Technology such as Google Earth is dramatically transforming how the public perceives architecture and how architects design buildings.
"....consider one of the most dramatic shifts to hit the architecture world in decades: the growing prominence of the roof - and, perhaps more important, the top-down perspective that exposes it to view - in the design of buildings, neighborhoods and even whole cities.
Thanks in part to the surging popularity of Google Earth and other Web-based programs, which give the public a bracingly new, if detached, way to interact with the built environment, rooftops are shedding their reputation as forgotten, wind-swept corners of the urban landscape and moving toward the center of architectural practice...Environmentally minded firms are making dramatic use of green roofs....Using satellite images and aerial photographs [Google Earth and its competitors] have enabled a new kind of architectural tourism..."
Architects say the influence of the bird's-eye view seems to grow by the week. Clients arrive for preliminary meetings having studied overhead views of their building sites on the Internet.
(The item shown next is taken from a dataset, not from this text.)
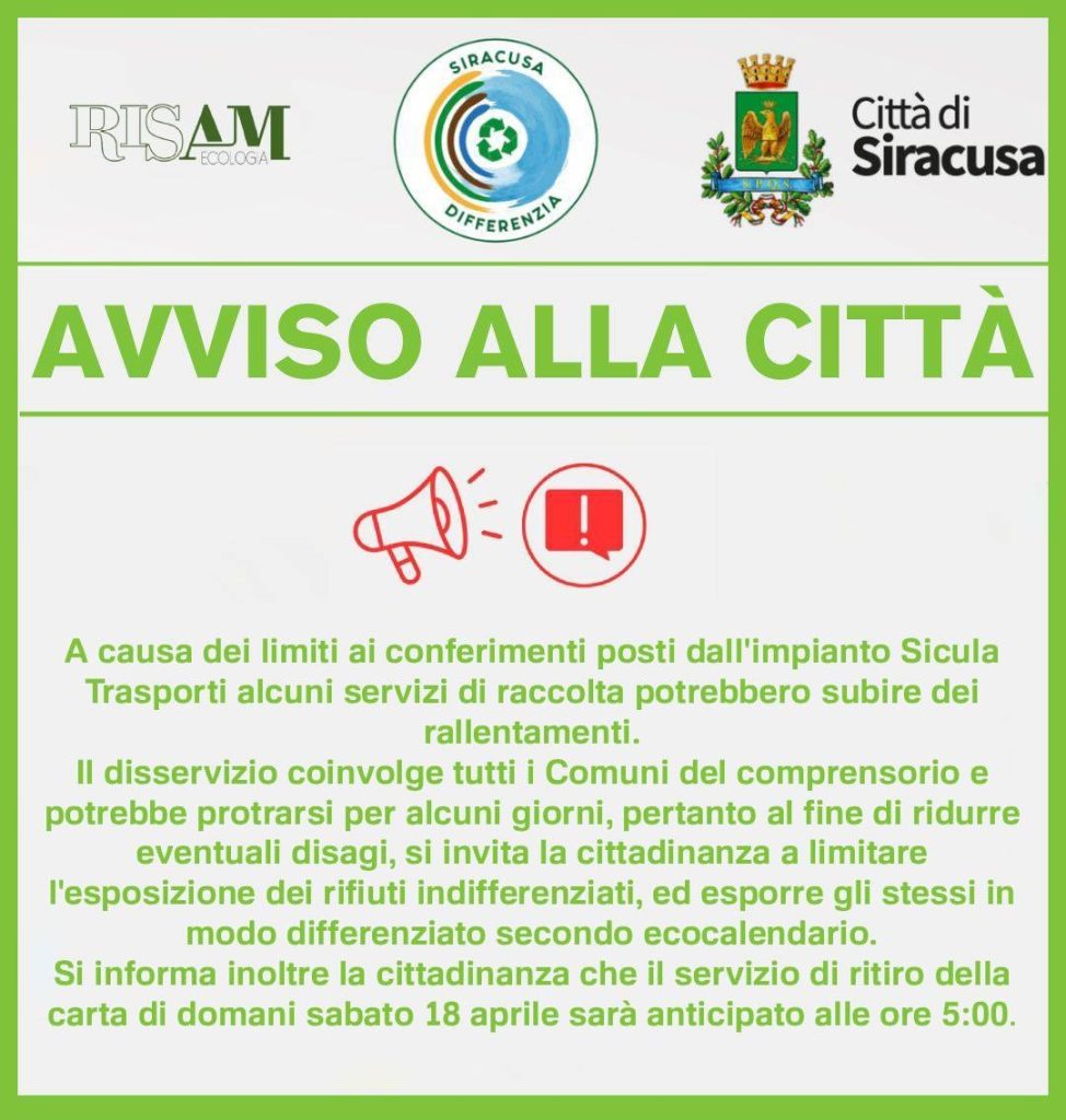 A causa dei limiti ai conferimenti posti dall'impianto Sicula Trasporti alcuni servizi di raccolta potrebbero subire dei rallentamenti. Al fine di ridurre eventuali disagi, si invita la cittadinanza a limitare l'esposizione dei rifiuti indifferenziati...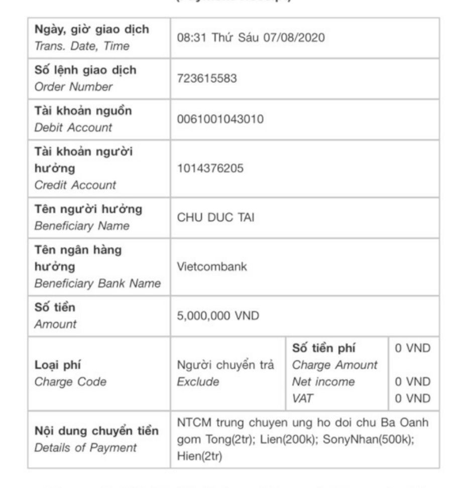 Như vậy số tiền 5,000,000đ như đề xuất đã đủ, nhờ TĐP duyệt chuyển tiền, nhờ @DucTai trao cho đội mai táng của bác Ba Oanh giúp nhé.

And if you sit in on thesis reviews at an architecture school these days, chances are quite good that a student presentation will begin with an image from Google Earth or another online source.
Google Earth...may tempt architects to play to their growing virtual audience at the expense of a building's day-to-day users, creating new architectural icons designed to look striking not from the sidewalk but from above, on a computer screen."